Of course there are many businesses that are failing at the moment due to the current state of the economy, however the hospitality sector has taken a real hit and if you are a business owner whose restaurant is failing, there are a few steps you can take. These also go for any business:

  1. Identify the problem: WHY is your business failing? Are your prices too high, or perhaps too low? Learn from this and see if there is anything you can do
  2. Re-focus on sales: securing more cash flow is extremely important. Can you draw more sales in by offering a new customer discount? Could you sell more to your existing customers, or perhaps some old ones?
  3. Cut expenses: evaluate everything you are spending money on right now that doesn’t include paying employee’s wages or meeting overheads. Are these things bringing more money, in particular recurring expenses?
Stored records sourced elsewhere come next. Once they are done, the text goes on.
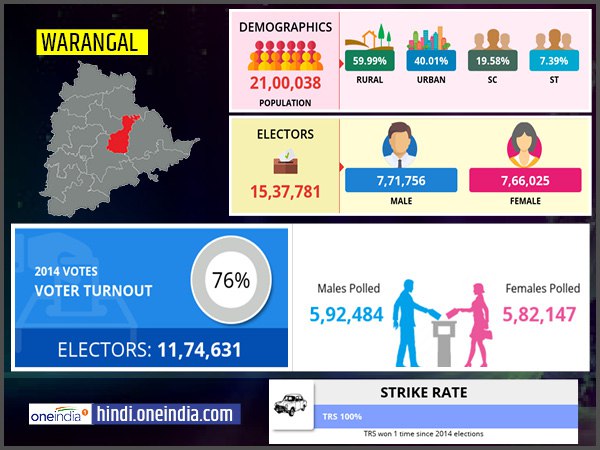 वारंगल लोकसभा निर्वाचन क्षेत्र में सात विधानसभा सीटें आती हैं, इनमें से पांच विधानसभा सीटें- पालाकुरथी, पारकल, वारंगल पूर्व, वारंगल पश्चिम और भुपालपल्ले अनारक्षित हैं तो दो सीटें- घानपुर (स्टेशन) और वारधन्नापेट अनुसूचित जाति के लिए सुरक्षित हैं, 2018 में हुए चुनावों में इनमें से छह सीटों पर टीआरएस को जीत मिली थी तो एक सीट पर कांग्रेस जीती थी। 1952 में अस्तित्व में आने के समय से यह लोकसभा सीट कांग्रेस का गढ़ रही है, यहां हुए 16 आम चुनावों में से कांग्रेस को आठ बार जीत मिली है, इनके अलावा टीआरएस और टीडीपी भी बीच-बीच में चुनाव जीतती रही हैं, टीआरएस को 2015 में हुए उपचुनावों को मिलाकर तीन बार जीत मिली है, साल 2015 के उपचुनाव में कांग्रेस को धूल चटाने वाले दयाकर पासुनूरी पहली बार यहां से सांसद चुने गए हैं।
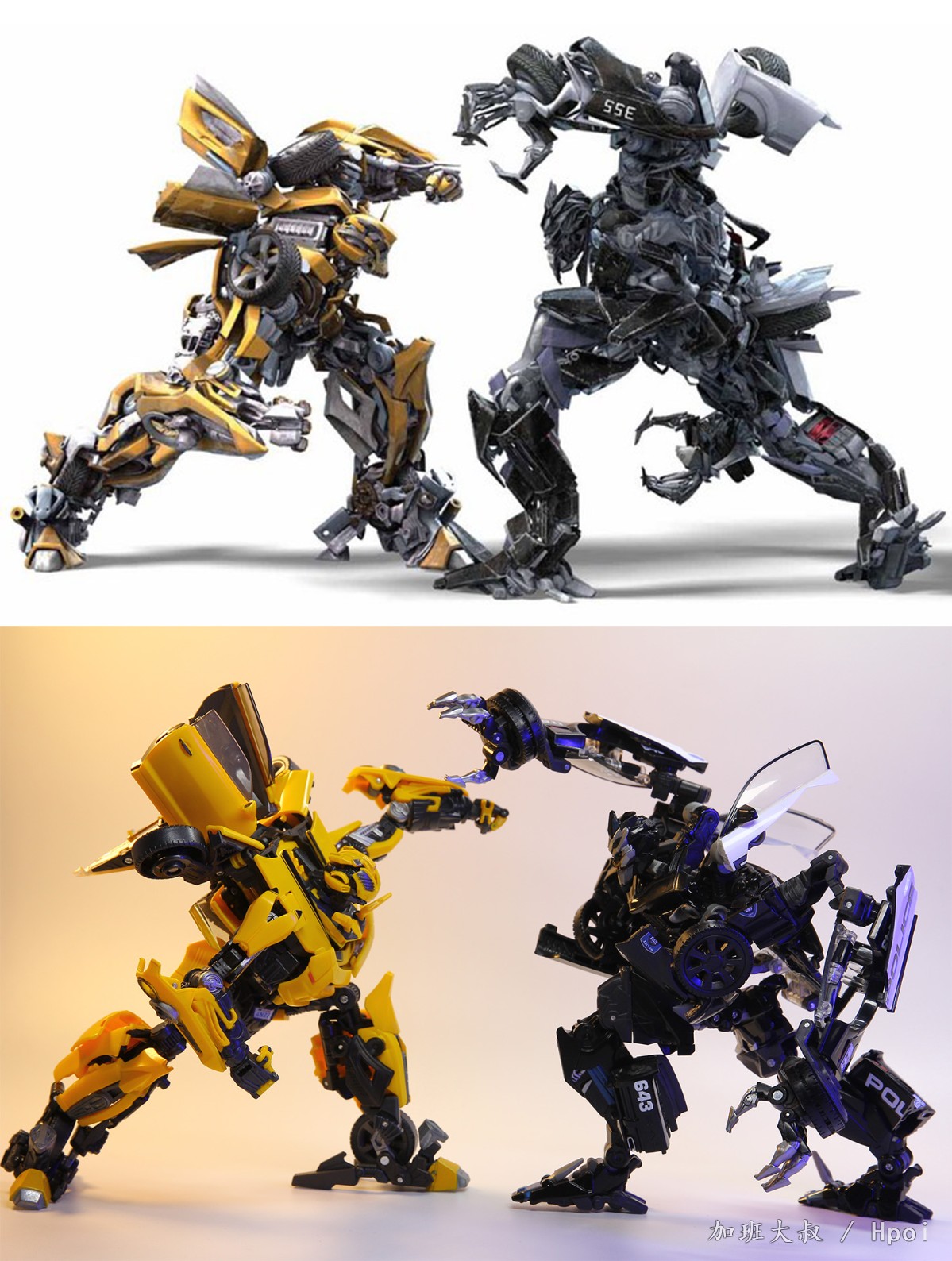 这一战是变形金刚真人电影第一场,变形金刚之间的战斗,令人印象颇深。本次还原采用master piece movies系列中的两款来进行还原,即MPM-03大黄蜂和MPM-05路障。
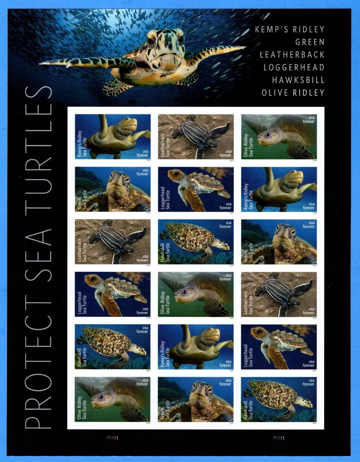 2024 USA Protect Sea Turtles Forever Stamps Sheet of 18 Forever Stamps

If not, why do you need them?
  4. Consider your options: if you find yourself in a really tricky situation with little time left before you are on the verge of bankruptcy, as a last resort consider getting a valuation for your business and seeing if selling would be the best option for you financially. A new owner could have the knowledge and skills to revive the business you worked so hard to create.
Covid-19 lockdown

How to sell a failing startup

Not every startup ends up being successful. More startups fail than succeed, and if you find yourself running out of cash quickly you may find yourself in a position where your only option is to sell. It can be easy to feel defeated when your dream business has not picked up, but accepting the facts sooner rather than later will help you in the long run.

The process is much the same as detailed above, however again you may find yourself with a smaller pool of buyers than an established, profitable business. 

In conclusion…

It can be easy to panic when selling a failing business as you may be stretched for time and feel a sense of urgency. However, using a business broker to help can iron out any frustrations and stresses, as they manage a majority of the process so that you have time to focus on trying to keep the business afloat until the sale.